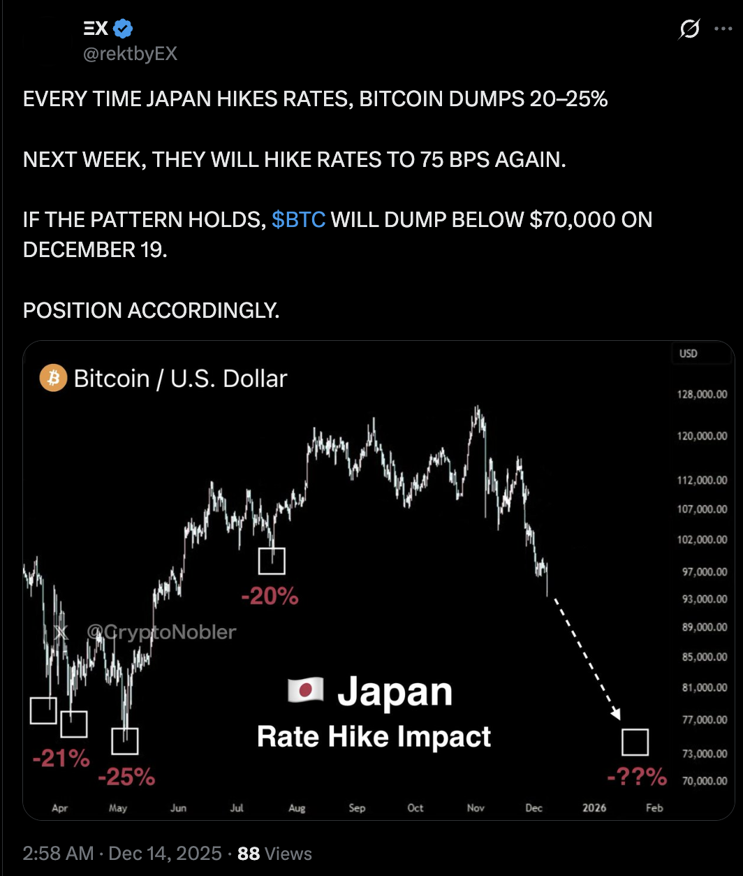 Если Банк Японии (BoJ) повысит процентные ставки 19 декабря, то первая криптовалюта может обвалиться до уровней около $70 000.
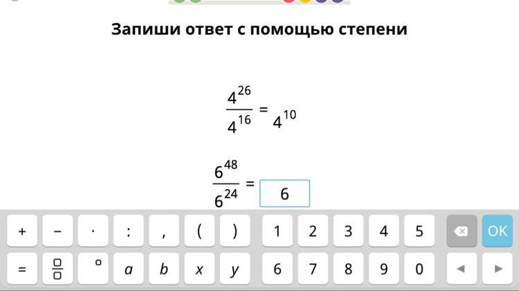 При делении степени с одинаковым основанием происходит вычитание степени, то есть ответ будет 6 в 24 степени (потому что 48-24=24)
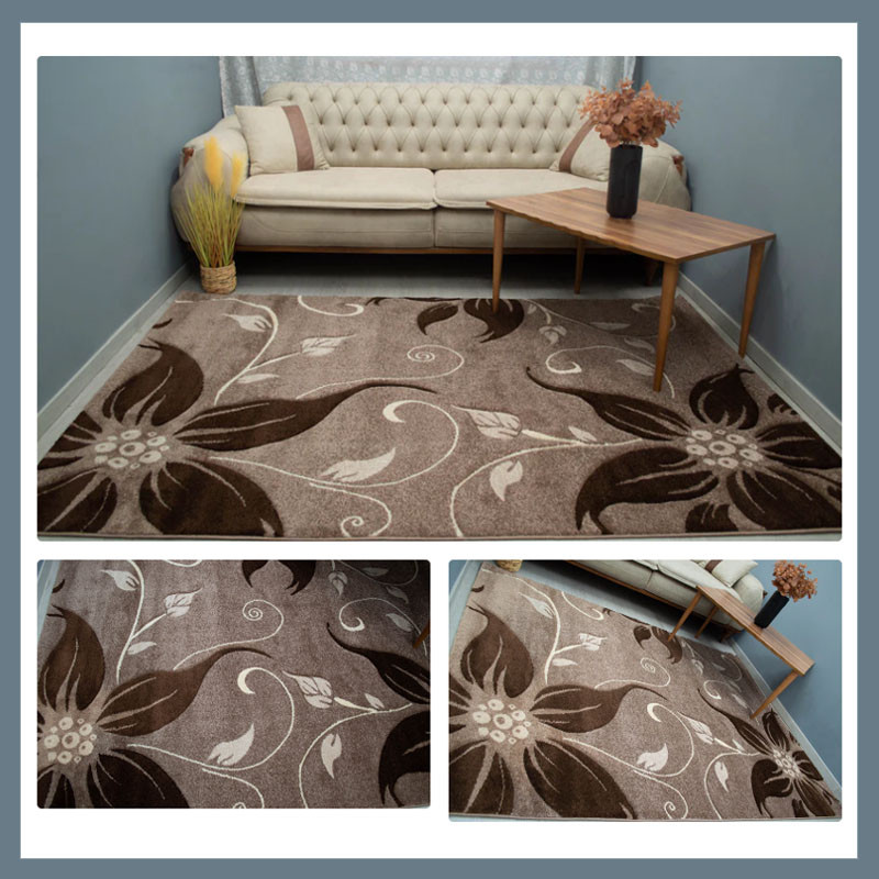 Súprava kobercov Eylül s kávovo-hnedým kvetinovým vzorom 01203D-KAHVE-BARNA-SZETT1
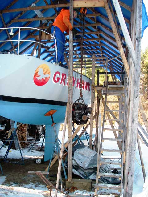 My Dad had hade made a roller assembly to support his chain hoist from a beam. So in the fall after building stairs and balcony, I had built a support framework over the companionway, and off the aft quarter of the boat, supported by post made up of 2x4's screwed together and tied into the structure of the boat tent. I made a beam out of two ten-foot 2x8's screwed together which supported the roller and spanned between the supports. This assembly made a gantry crane with which we could lift the engine up through the companionway, slide it across the cockpit with the roller on the beam, and then lower it down to the ground off the side of the boat.

▶ **PROBLEM DETAILS**
Only the lines that lie between the start of the listing and the line containing "Súprava kobercov Eylül", both included, belong in the answer; write them out exactly and omit pictures.

▶ **ANSWER BOX**
 Если Банк Японии (BoJ) повысит процентные ставки 19 декабря, то первая криптовалюта может обвалиться до уровней около $70 000.
 При делении степени с одинаковым основанием происходит вычитание степени, то есть ответ будет 6 в 24 степени (потому что 48-24=24)
 Súprava kobercov Eylül s kávovo-hnedým kvetinovým vzorom 01203D-KAHVE-BARNA-SZETT1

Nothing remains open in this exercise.